# Paph Dollgoldi



## paphreek (Aug 15, 2007)

Here is the first to bloom of a flask of Dollgoldi's I bought a few years back.


----------



## Roy (Aug 15, 2007)

Nice flower and great plant. What is the leaf length please and time to flower from flask. I would like to put a praestans on it.


----------



## paphreek (Aug 15, 2007)

Roy said:


> Nice flower and great plant. What is the leaf length please and time to flower from flask. I would like to put a praestans on it.
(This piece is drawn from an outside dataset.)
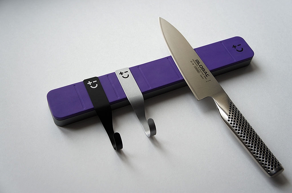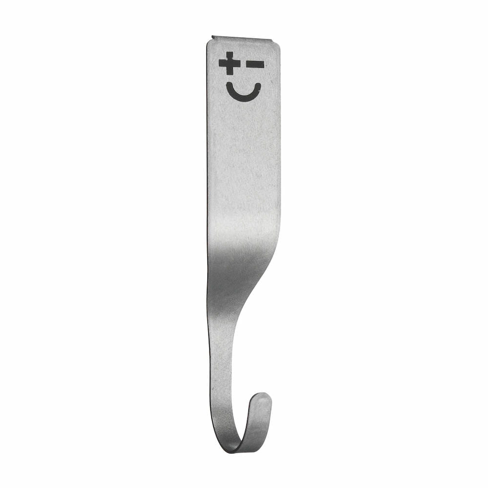 Opis: Haczyk z solidnego metalu, mocowany do listwy magnetycznej na noże. Pozwala zawiesić np. rękawicę, szpatułkę, nożyce kuchenne, ręcznik, klucze czy kubek. Doskonały dodatek, który zwiększa praktyczność magnetycznej listwy na noże Bisbell.

The leaf span from tip to tip is 14". My records are not as good as they should be, but the tag indicates I deflasked them sometime in 2003.


----------



## L I Jane (Aug 15, 2007)

Nice! The one I bought from you, Ross, in July 05 hasn't bloomed yet but the bud is still growing fatter so won't be long!


----------



## Roy (Aug 15, 2007)

Great growing. Haven't heard of anyone here getting one to flower so quick or having that size plant in that time.


----------



## paphreek (Aug 15, 2007)

Roy said:


> Great growing. Haven't heard of anyone here getting one to flower so quick or having that size plant in that time.
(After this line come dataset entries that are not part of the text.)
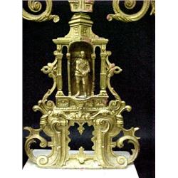 A pair of girandoles, each with triple candleholders, on architectural standards with standing figurines, rectangular marble bases, cut glass prisms attach to leaf decoration around each candleholder, 19th C. Estimate 300/600
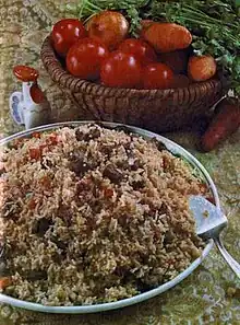 El bäliş es el plato tradicional más antiguo que combina carne y cereal. Trozos se carne grasa (añojo, buey, ganso, o asadura de ganso y pato) se combinan con cereales (mijo, espelta, arroz) y se hornean en una cazuela de barro. El tutırma, una tripa rellna con hígado cortado o picado finamente y mijo o arroz, es otro ejemplo de combinación de carne y grano.
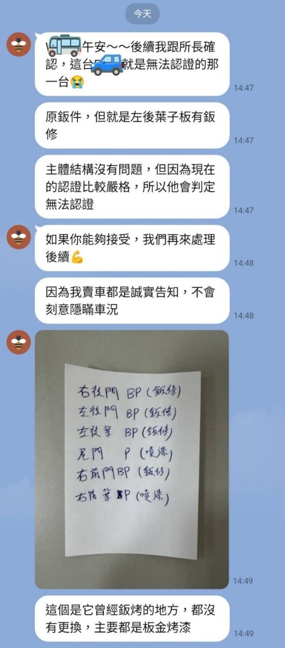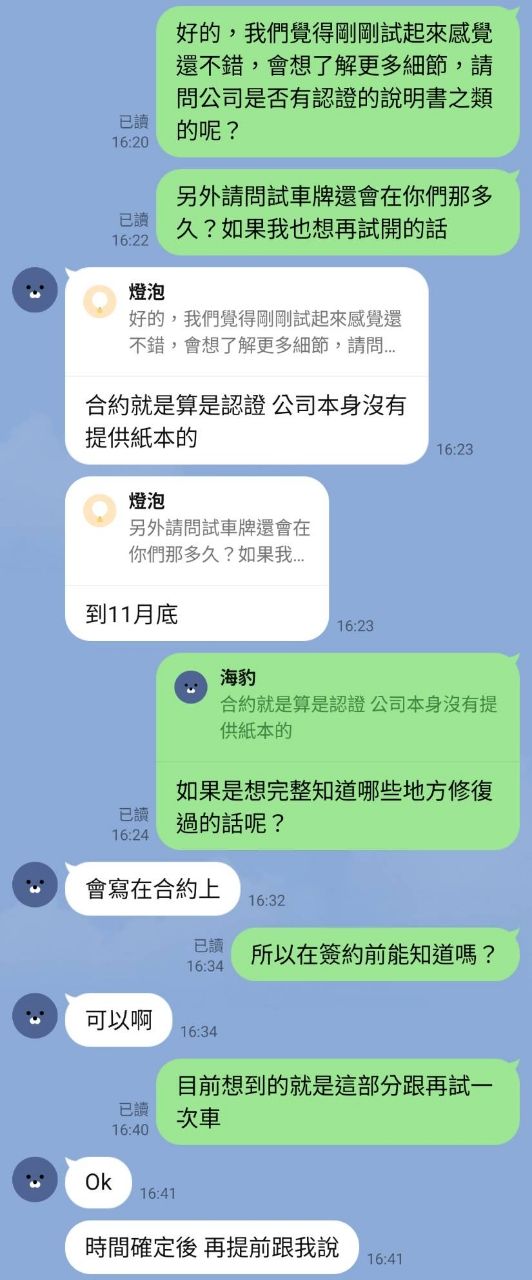果試完車覺得不錯,業務說車子目前外觀有點瑕疵以及有部份修復過,現況交車的話可以

Thanks, Roy. Credit also needs to be given to the hybridizer, Chuck Ackers, for creating a vigorous cross. There were about 7 or 8 really vigorous ones in the flask. L.I. Jane has one of those. 

I found that when these were seedlings that they grew much faster in very low light. Once they were approaching near blooming size, I increased the light to the level I give my complex Paphs.


----------



## Sangii (Aug 15, 2007)

paphreek said:


> I found that when these were seedlings that they grew much faster in very low light. Once they were approaching near blooming size, I increased the light to the level I give my complex Paphs.
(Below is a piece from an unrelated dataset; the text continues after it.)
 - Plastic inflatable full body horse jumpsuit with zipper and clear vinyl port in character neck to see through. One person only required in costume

very interesting ! deflasked in 2003, blooming in 2007, that is pretty fast and gives me hope for my seedlings ! Great growing indeed ! what potting mix did you use for them as seedlings and did you keep the potting mix very moist when they were small or did you allow it to dry a bit ?


----------



## NYEric (Aug 15, 2007)

Very nice, I'll show the photo to mine and hope.


----------



## paphreek (Aug 15, 2007)

Sangii said:


> very interesting ! deflasked in 2003, blooming in 2007, that is pretty fast and gives me hope for my seedlings ! Great growing indeed ! what potting mix did you use for them as seedlings and did you keep the potting mix very moist when they were small or did you allow it to dry a bit ?



One thing to keep in mind is that this particular seedling was from the start one of the larger and faster growing ones. When possible I always grow seedlings in flask for as long as possible. These had large root systems and were pushing the top of the container when they were deflasked. The very largest were planted directly into 2 1/4 inch pots in my standard small CHC,charcoal, perlite seedling mix. I tried to water just as the plants were approaching dryness, but I'm sure sometimes the timing wasn't perfect.


----------



## paphreek (Aug 15, 2007)

With all the complimentary comments about the bloom time, you've got me wondering whether my 4 year comment is accurate. I know that I got them in February and deflasked them sometime later. I did not have to rush the deflasking as the flask was not jumbled in transit. I date the back of the tag very time I deflask or repot a seedling. The back of this tag showed an '03 date and appears to be an original tag. If '03 is incorrect, the earliest the date could be is April of 2002 as we did not move into this house until Aug of 2001. That would place the time at 5 1/2 years. However, I still think that 4 1/2 years is the correct time.


----------



## Ron-NY (Aug 15, 2007)

Nice one Ross!!!


----------



## SlipperFan (Aug 15, 2007)

Good growing!


----------



## rdlsreno (Aug 16, 2007)

Cool and nice flower! Great growing too!

Ramon


----------